[Source data]
--- START ---

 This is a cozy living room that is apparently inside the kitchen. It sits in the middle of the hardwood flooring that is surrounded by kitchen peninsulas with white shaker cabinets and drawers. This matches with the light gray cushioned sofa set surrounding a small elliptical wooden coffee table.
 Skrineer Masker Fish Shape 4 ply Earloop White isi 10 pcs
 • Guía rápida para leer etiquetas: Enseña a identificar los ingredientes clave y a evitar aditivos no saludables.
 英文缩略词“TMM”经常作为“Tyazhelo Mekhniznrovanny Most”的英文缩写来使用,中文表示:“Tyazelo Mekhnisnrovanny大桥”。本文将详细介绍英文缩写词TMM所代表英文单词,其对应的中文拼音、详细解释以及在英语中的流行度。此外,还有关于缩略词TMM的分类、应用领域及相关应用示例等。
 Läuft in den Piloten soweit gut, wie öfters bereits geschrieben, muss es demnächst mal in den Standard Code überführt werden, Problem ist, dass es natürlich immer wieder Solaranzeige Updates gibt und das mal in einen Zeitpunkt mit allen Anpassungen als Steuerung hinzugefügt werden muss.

--- END ---
--- START ---

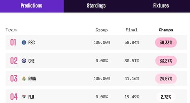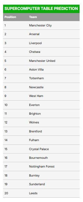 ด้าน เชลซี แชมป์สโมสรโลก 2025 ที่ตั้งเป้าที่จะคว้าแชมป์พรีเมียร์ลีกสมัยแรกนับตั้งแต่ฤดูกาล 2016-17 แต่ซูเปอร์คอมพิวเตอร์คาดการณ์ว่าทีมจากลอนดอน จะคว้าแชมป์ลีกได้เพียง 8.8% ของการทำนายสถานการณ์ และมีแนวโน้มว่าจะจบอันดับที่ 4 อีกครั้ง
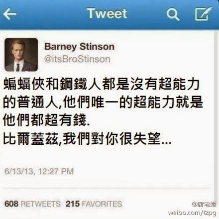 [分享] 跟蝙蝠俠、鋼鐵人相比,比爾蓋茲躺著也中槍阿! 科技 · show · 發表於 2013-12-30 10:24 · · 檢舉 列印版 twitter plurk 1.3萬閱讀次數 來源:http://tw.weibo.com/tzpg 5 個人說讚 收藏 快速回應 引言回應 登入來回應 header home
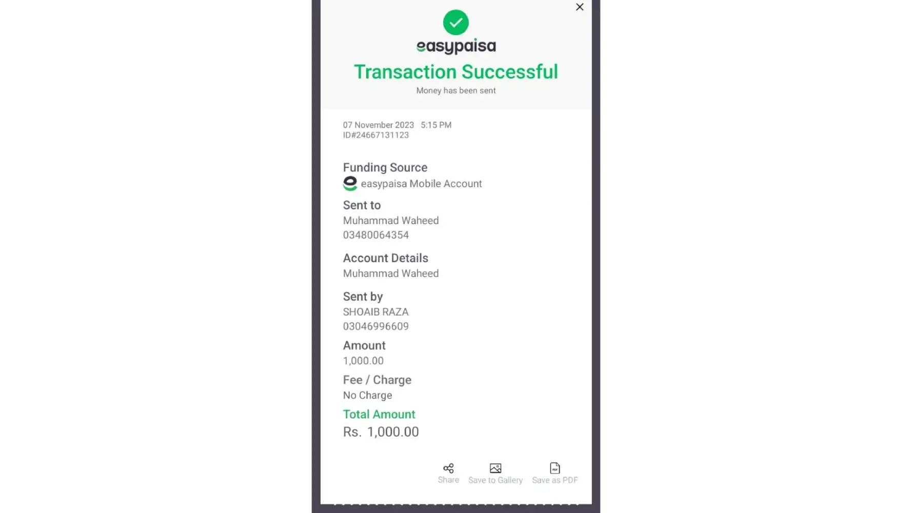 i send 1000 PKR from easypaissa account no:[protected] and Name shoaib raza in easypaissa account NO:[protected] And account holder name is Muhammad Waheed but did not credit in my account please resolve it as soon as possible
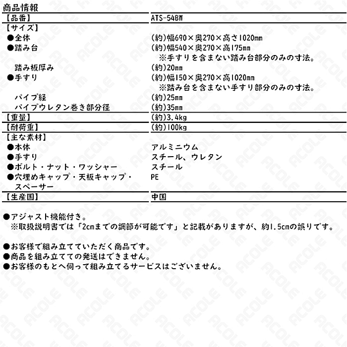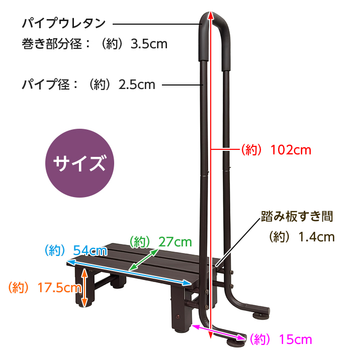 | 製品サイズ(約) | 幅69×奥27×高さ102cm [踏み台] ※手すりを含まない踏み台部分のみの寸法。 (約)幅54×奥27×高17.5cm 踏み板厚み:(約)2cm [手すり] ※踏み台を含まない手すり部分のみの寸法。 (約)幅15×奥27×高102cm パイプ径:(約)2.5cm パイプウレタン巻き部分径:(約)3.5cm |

--- END ---

[Action item] Of all the entries above, output exactly the lines between the one holding "This is a cozy" and the one holding "Läuft in den", inclusive.

[Completed task]
 This is a cozy living room that is apparently inside the kitchen. It sits in the middle of the hardwood flooring that is surrounded by kitchen peninsulas with white shaker cabinets and drawers. This matches with the light gray cushioned sofa set surrounding a small elliptical wooden coffee table.
 Skrineer Masker Fish Shape 4 ply Earloop White isi 10 pcs
 • Guía rápida para leer etiquetas: Enseña a identificar los ingredientes clave y a evitar aditivos no saludables.
 英文缩略词“TMM”经常作为“Tyazhelo Mekhniznrovanny Most”的英文缩写来使用,中文表示:“Tyazelo Mekhnisnrovanny大桥”。本文将详细介绍英文缩写词TMM所代表英文单词,其对应的中文拼音、详细解释以及在英语中的流行度。此外,还有关于缩略词TMM的分类、应用领域及相关应用示例等。
 Läuft in den Piloten soweit gut, wie öfters bereits geschrieben, muss es demnächst mal in den Standard Code überführt werden, Problem ist, dass es natürlich immer wieder Solaranzeige Updates gibt und das mal in einen Zeitpunkt mit allen Anpassungen als Steuerung hinzugefügt werden muss.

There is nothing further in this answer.